Your media production company recently moved all its infrastructure into Azure.
Every 14 days you run a batch to render several thousand video clips into various media formats for customers. At the moment the batch job is run on a single H-series virtual machine (VM).
You need to design a scalable compute solution. The solution must meet the following technical and business requirements:
* Must use VM instance sizes smaller than H series
* Must support automatic scale out and scale in based on CPU metrics
* Must minimize deployment time
* Must minimize administrative overhead
What should you do?
You should deploy a virtual machine scale set (VMSS). Scale sets represent the only way to horizontally scale Azure VMs automatically. A scale set is a collection of two or more identically configured Windows Server or Linux VMs that provide full, centralized control over their lifecycle. Scale sets support up to 1,000 instances when you use VM images in the Azure Marketplace.

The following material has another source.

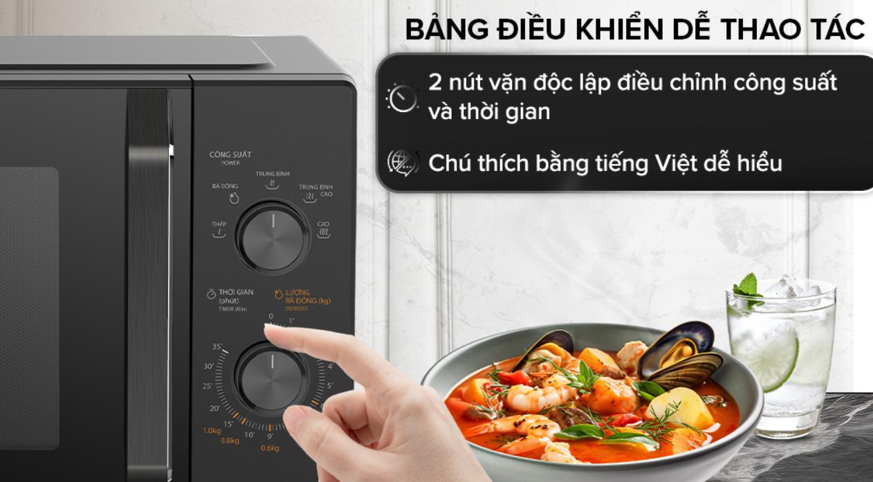 – Người dùng dễ dàng điều chỉnh lò với bảng điều khiển nút vặn, có chú thích tiếng Việt – Anh rõ ràng, phù hợp với cả người lớn tuổi.

You cannot configure an auto-scaling rule on the existing VM. Scale sets are the only way to horizontally autoscale Azure VMs. By contrast, Azure App Service apps can be configured individually with auto-scaling rules based on time, date, or CPU metric.
You should not create an Azure Data Factory pipeline. Azure Data Factory is a cloud-based data orchestration engine similar in function to SQL Server Integration Services (SSIS). Therefore, Data Factory is not appropriate for this scenario.
You should not author an ARM template that creates additional VMs. While you can indeed use ARM templates to automate the deployment and removal of VMs, doing so violates the scenario constraints of minimized setup time and management overhead.